Abad recounts the details of life in a household of 10 women, recalling with affection the attention given him by his father, while brilliant and witty older sisters dominated his home life. His father’s acceptance and encouragement were total; he believed that the best form of education was happiness, but not baseless happiness. Lessons learned by the son about racial prejudice, personal cowardice and superficial values were the fruits of his father’s principles.

The family history divided in two when Hector’s nearest older sister, “the star of the family,” died of melanoma at the age of 16. The effect on his father was a boundless sadness, which subtly made the idea of death for a just cause more attractive. From that point onward, his father’s sense of social justice became stronger, with a proportionate lack of attention to precaution and personal security.

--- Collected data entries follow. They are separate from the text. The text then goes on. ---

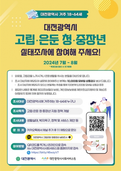 실태조사 대상은 대전시 거주 18~64세 청·중장년이며 조사 항목은 고립·은둔 청·중장년의 △일상생활 △사회적 관계 △신체 및 정신 건강 △정책 욕구 등이다.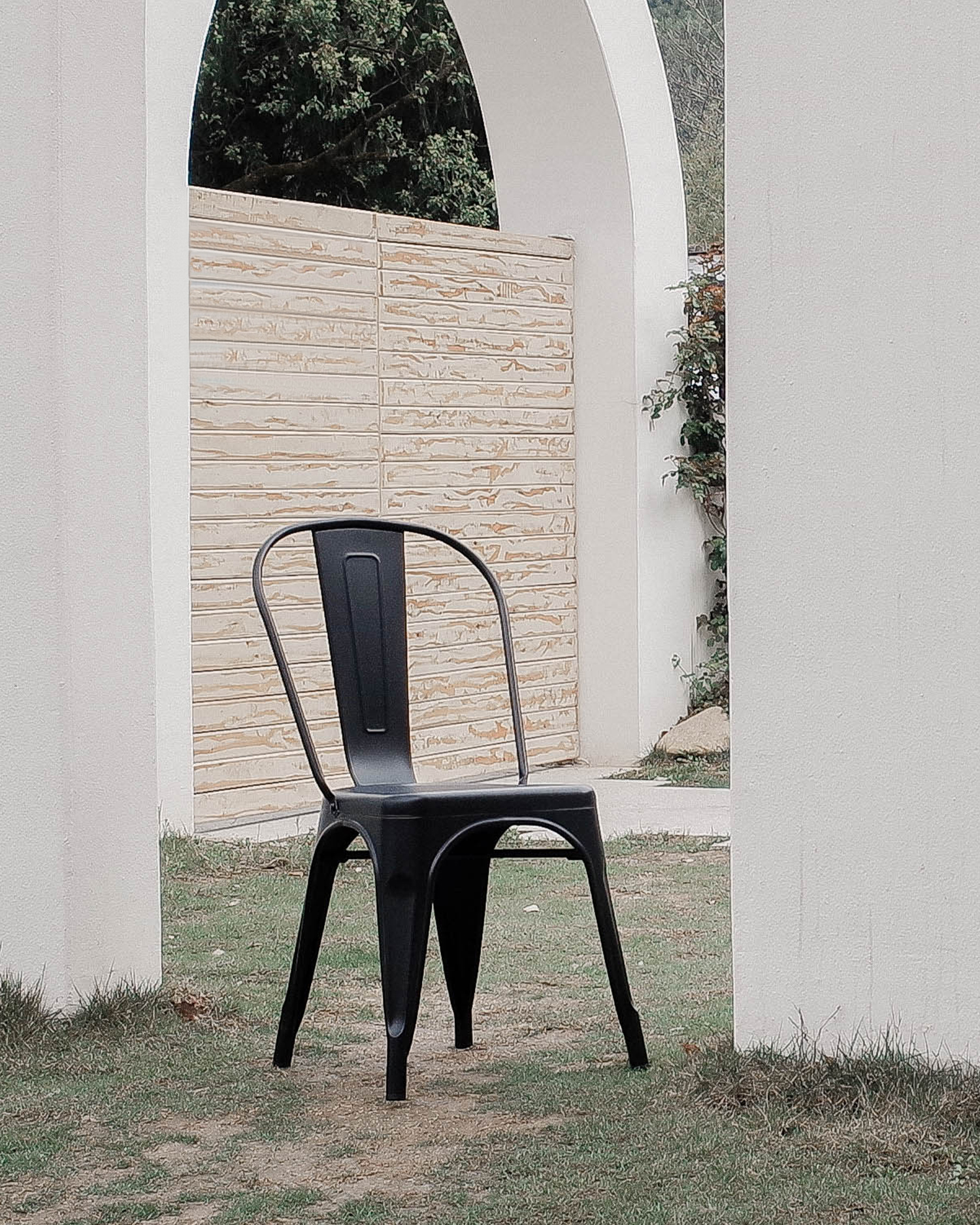 • Kursi ini adalah perayaan desain industri, menampilkan bingkai besi hitam yang kokoh yang berbicara banyak tentang daya tahan dan kekuatannya. Kursi berlubang tidak hanya menambahkan daya tarik visual yang khas tetapi juga memastikan kemampuan bernapas, membuatnya nyaman untuk penggunaan yang lama.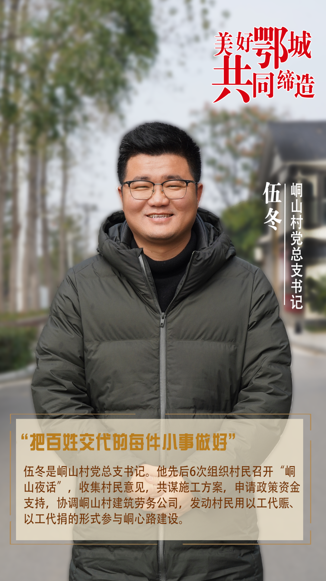 伍冬是峒山村黨總支書記。他先后6次組織村民召開“峒山夜話”,收集村民意見,共謀施工方案,申請(qǐng)政策資金支持,協(xié)調(diào)峒山村建筑勞務(wù)公司,發(fā)動(dòng)村民用以工代賑、以工代捐的形式參與峒心路建設(shè)。
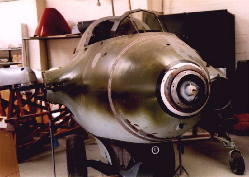 Front fuselage with the nose cone attached. It is riding on the dolly. The rear fuselage is parked on the right.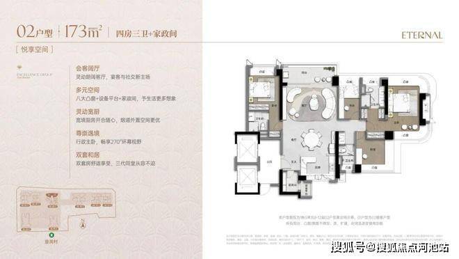105㎡3+1房2卫,折后单价约9.5-10.9万/㎡,总价约1003-1144万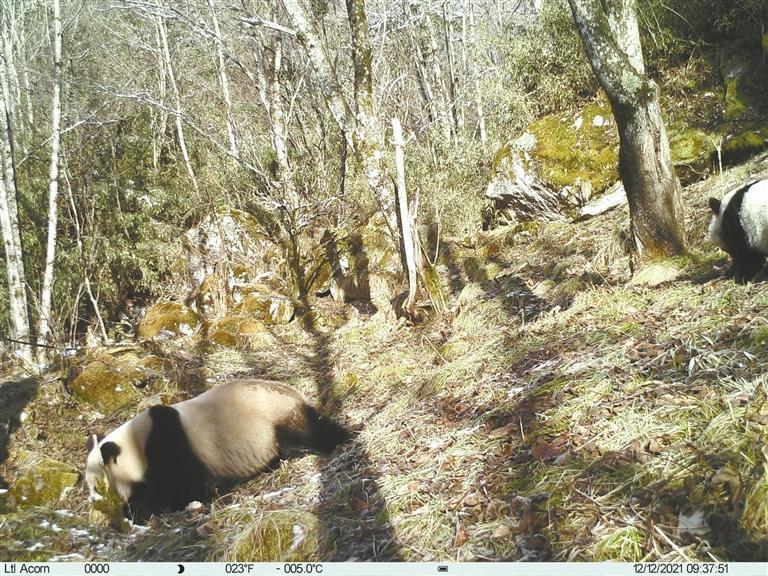 近日,陕西太白山国家级自然保护区管理局科研人员在整理红外相机影像资料时发现,布设在牛尾河区域大箭沟的1部红外相机,于去年12月12日拍摄到2只野生大熊猫一起活动的珍贵画面。根据大熊猫出现的季节、体型、毛色和行为等判断,这是一对野生大熊猫母子。视频中,大熊猫妈妈走在前面,而其孩子在后面顽皮地抓挠树干,啃咬树皮。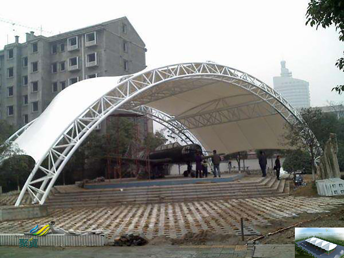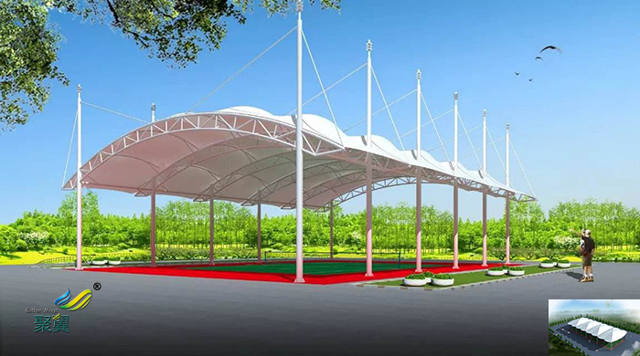 膜結構建筑是一種全新的建筑結構形式,它集建筑學、結構力學、精細化工與材料科學、計算機技術等為一體,具有很高技術含量。其曲面可以隨著建筑師的設計需要任意變化,結合整體環境,建造出標志性的形象工程。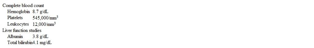 A 45-year-old man comes to the emergency department for colicky, right upper quadrant pain; vomiting; and melena for 24 hours. He has no hematemesis. Medical history is significant for nonalcoholic steatohepatitis, which was diagnosed by percutaneous liver biopsy 5 days ago. The biopsy also showed mild fibrosis around portal tracts without bridging fibrosis or regenerative hepatocyte nodules. Temperature is 37.4 C (99.3 F) , blood pressure is 95/60 mm Hg, pulse is 110/min, and respirations are 15/min. Scleral icterus is present. Cardiopulmonary examination is unremarkable. The abdomen is tender to palpation in the right upper quadrant. Laboratory results are as follows:

The account of his death and the subsequent silence about the case, without arrests or suspects, is a well-known Latin American pattern. Hector Abad was 28 years old at the time, and his only recourse was to keep his father’s bloodstained shirt as a concrete memory and “a promise to avenge his death.”

Abad’s father confided in “the evocative power of words” to denounce injustice. Twenty years after his death, his son assumed the father’s wisdom, unfathomed by those who killed him, “to use words to express the truth, a truth that will last longer than their lie.”

The writing of a memoir can allow a son to objectify the events, personality and influence of a deceased father. It can also serve to rescue a loved parent, at least for a time, from oblivion. Upon completion of his book, Hector Abad had fulfilled a personal project and had come to the conclusion that “the only possibility to forget and to forgive consisted in telling what happened and nothing more.”